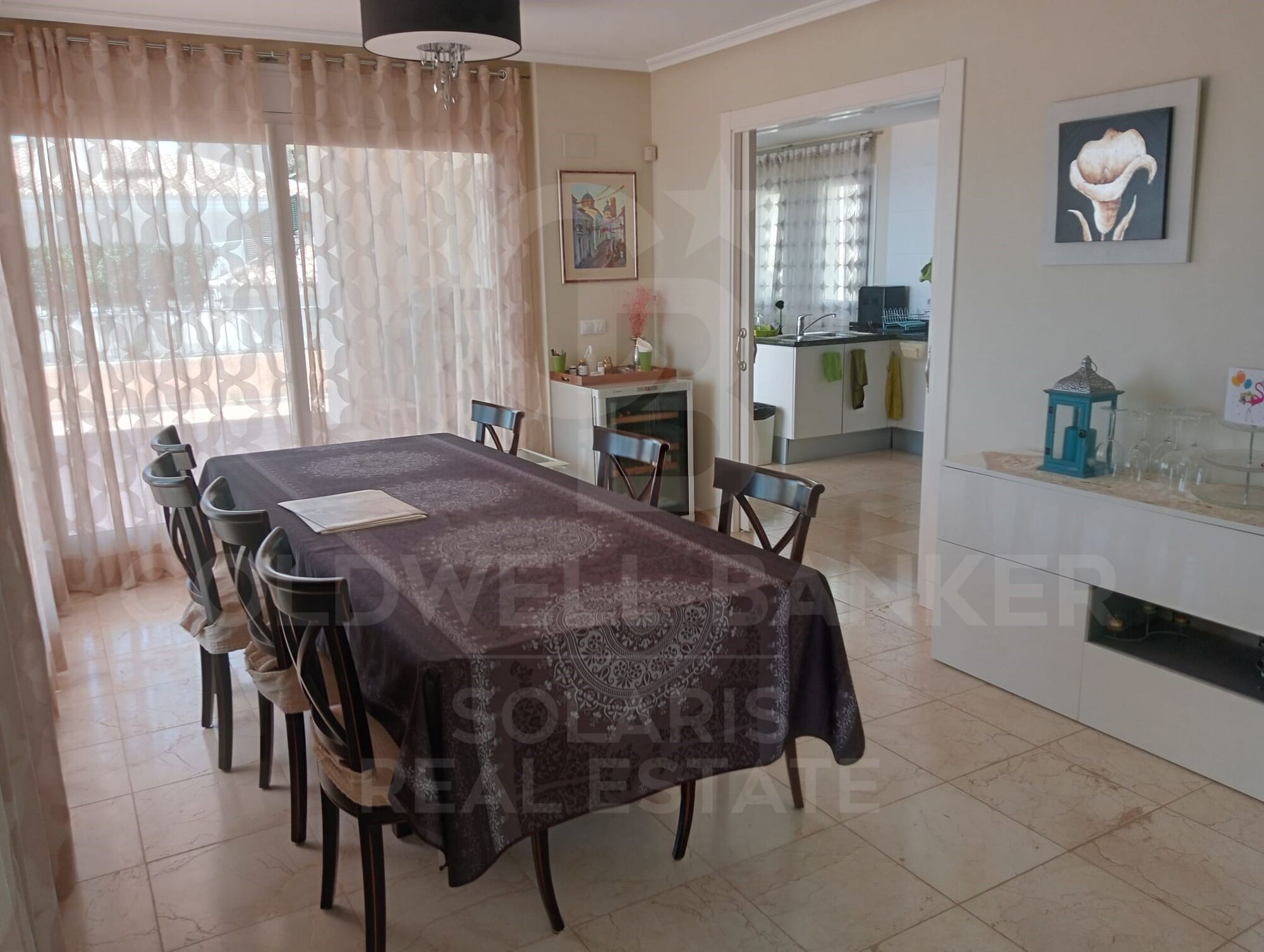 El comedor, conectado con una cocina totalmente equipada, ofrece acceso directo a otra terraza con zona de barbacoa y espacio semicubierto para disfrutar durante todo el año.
────────────────────────────────────────
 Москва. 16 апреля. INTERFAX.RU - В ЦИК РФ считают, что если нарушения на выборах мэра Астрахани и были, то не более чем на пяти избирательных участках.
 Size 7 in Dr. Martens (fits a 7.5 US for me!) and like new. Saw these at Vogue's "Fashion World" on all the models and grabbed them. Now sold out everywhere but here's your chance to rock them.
────────────────────────────────────────
## Brief
In the data above, find the line with "Москва. 16 апреля." and the line with "Size 7 in Dr.". Retype both, plus every line between them, exactly.

## Solution to this task
 Москва. 16 апреля. INTERFAX.RU - В ЦИК РФ считают, что если нарушения на выборах мэра Астрахани и были, то не более чем на пяти избирательных участках.
 Size 7 in Dr. Martens (fits a 7.5 US for me!) and like new. Saw these at Vogue's "Fashion World" on all the models and grabbed them. Now sold out everywhere but here's your chance to rock them.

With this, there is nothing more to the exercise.